The Logistic_regression function is my logistic regression algorithm which I attemt to adhere to the scikit-learn estimator scheme. By implementing the methods get_params, set_params, fit, predict and score, my logistic regression algorithm should be able to be used by GridsearchCV. It uses Mini-Batch Gradient Descent and Stochastic Gradient Descent.

In [44]:
# import math
import random
import math
from scipy import sparse
from sklearn.metrics import accuracy_score
from sklearn.base import BaseEstimator


class Logistic_regression(BaseEstimator):

    def __init__(self, 
                 epochs = 10, 
                 batch_samples = 5000, 
                 learning_rate=0.01, 
                 gd_type='mini-batch', 
                 lambda_reg=0.01,
                 verbose=True):
        self.epochs = epochs
        self.batch_samples = batch_samples
        self.learning_rate = learning_rate
        self.gd_type = gd_type
        self.lambda_reg = lambda_reg
        self.verbose = verbose
        
    def get_params(self, deep=True):
        params = {
                'epochs': self.epochs,
                'batch_samples': self.batch_samples,
                'learning_rate': self.learning_rate,
                'gd_type': self.gd_type,
                'lambda_reg': self.lambda_reg
            }
        return params

    def set_params(self, **parameters):
        for parameter, value in parameters.items():
            setattr(self, parameter, value)
        return self
        
    def to_onehot(self, y, classes):
        result = np.zeros((y.shape[0], classes.shape[0]))
        for i, row in enumerate(result):
            row[y[i] - 1] = 1
        return result
    
    def from_onehot(self, y):
        return np.array([np.argmax(i) for i in y.T])
        
    def get_phi(self, x):
        return self.w.dot(x)

    def softmax(self, x):
        phi = self.get_phi(x)
        phi_sum = np.zeros(phi.shape[1])
        for i in range(phi.shape[0]):
            phi_sum += np.exp(phi[i,:])
        return phi / phi_sum[None, :]

    def gradient(self, p, y, x):
        cross_entropy = p - y
        return cross_entropy.dot(x.T) + self.lambda_reg * self.w
    
    # accepts ground truth, y in one hot encoding and predicted vector p and returns float entropy
    def cross_entropy(self, y, p):
        p = np.array(list(map(lambda i: math.log(i,10), p)))
        return np.array(y).dot(p.T) * -1
    
    def find_loss(self,loss_list):
        return np.sum(loss_list) / len(loss_list)
    
    def mini_batch(self, x, y):
        for epoch in range(self.epochs):
            gradients = np.zeros(self.w.shape)
            xrand = np.random.randint(x.shape[1], size=self.batch_samples)
            x = np.array([x[:,i] for i in xrand]).T
            y = np.array([y[:,i] for i in xrand]).T
            p = self.softmax(x)
            dw = self.gradient(p, y, x)
            #self.losses.append(self.cross_entropy(y, p))
            score = self.score(y, p)
            self.w = self.w - self.learning_rate * dw
            if self.verbose: print('Epoch %d complete.
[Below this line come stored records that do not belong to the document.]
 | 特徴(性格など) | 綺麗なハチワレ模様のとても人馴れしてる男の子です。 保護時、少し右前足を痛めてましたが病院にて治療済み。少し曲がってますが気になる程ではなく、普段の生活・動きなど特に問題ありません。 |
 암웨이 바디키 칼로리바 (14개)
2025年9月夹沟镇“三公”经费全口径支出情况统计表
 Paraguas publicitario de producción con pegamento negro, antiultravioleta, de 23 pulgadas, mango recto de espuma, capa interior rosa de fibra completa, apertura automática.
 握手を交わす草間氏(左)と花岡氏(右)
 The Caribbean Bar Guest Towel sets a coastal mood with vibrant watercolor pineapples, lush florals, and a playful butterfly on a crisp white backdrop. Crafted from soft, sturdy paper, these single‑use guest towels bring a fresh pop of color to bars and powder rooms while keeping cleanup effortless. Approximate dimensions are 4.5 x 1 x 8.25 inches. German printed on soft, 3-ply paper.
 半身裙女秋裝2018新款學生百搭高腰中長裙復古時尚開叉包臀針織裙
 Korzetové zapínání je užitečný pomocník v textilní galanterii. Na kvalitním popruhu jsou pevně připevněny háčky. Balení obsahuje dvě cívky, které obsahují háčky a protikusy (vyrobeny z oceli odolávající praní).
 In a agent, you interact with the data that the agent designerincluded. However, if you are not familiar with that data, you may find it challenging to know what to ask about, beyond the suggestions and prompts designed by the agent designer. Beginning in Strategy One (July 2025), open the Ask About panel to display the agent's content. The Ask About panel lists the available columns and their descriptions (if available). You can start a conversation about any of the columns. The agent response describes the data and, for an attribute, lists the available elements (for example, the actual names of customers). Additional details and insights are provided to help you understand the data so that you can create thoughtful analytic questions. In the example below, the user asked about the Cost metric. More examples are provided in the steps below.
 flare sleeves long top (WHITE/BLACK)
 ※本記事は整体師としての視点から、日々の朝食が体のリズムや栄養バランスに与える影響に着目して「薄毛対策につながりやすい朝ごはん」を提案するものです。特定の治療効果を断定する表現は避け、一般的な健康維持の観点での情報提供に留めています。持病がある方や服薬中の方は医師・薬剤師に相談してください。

Score: %1.4f' % (epoch, score))
        return self

    def stochastic(self, x, y):
        for epoch in range(self.epochs):
            for _ in range(self.batch_samples):
                i = np.random.randint(x.shape[0])
                p = self.softmax(x[i])
                grad = self.gradient(p, y[i], x[i])
                self.losses.append(self.cross_entropy(y[i], p))
                self.w = self.w - self.learning_rate * np.add(grad, np.multiply(self.lambda_reg, self.w))
            print('Epoch %d complete. Traning loss: %1.4f' % (epoch, self.find_loss(self.losses[-self.batch_samples:])))
        return self
        
    def fit(self, x, y, classes=None):
        x = x.T
        if classes is None:
            y = y.T
        else:
            y = self.to_onehot(y, classes).T
        features = x.shape[0]
        classes = y.shape[0]
        self.w = np.zeros((classes, features))
        if self.gd_type == 'mini-batch':
            self.mini_batch(x, y)
        if self.gd_type == 'stochastic':
            self.stochastic(x, y)
        return self
    
    def predict(self, x):
        return self.softmax(x.T)
    
    def score(self, y, p):
        return accuracy_score(self.from_onehot(y), self.from_onehot(p))
    

In [26]:
lr = Logistic_regression(gd_type='mini-batch', learning_rate=0.01)
lr.fit(X_train, Y_train, classes)

(2000, 120000)
(4, 120000)
Epoch 0 complete. Score: 0.2456
Epoch 1 complete. Score: 0.7998
Epoch 2 complete. Score: 0.8228
Epoch 3 complete. Score: 0.8318
Epoch 4 complete. Score: 0.8484
Epoch 5 complete. Score: 0.8660
Epoch 6 complete. Score: 0.8630
Epoch 7 complete. Score: 0.8752
Epoch 8 complete. Score: 0.8780
Epoch 9 complete. Score: 0.8816


Logistic_regression()

In [None]:
from sklearn.metrics import fbeta_score, make_scorer
from sklearn import svm
from sklearn.model_selection import cross_val_score
from sklearn.utils.estimator_checks import check_estimator
from sklearn.model_selection import GridSearchCV

clf = svm.SVC(random_state=0)

ftwo_scorer = make_scorer(fbeta_score, beta=2)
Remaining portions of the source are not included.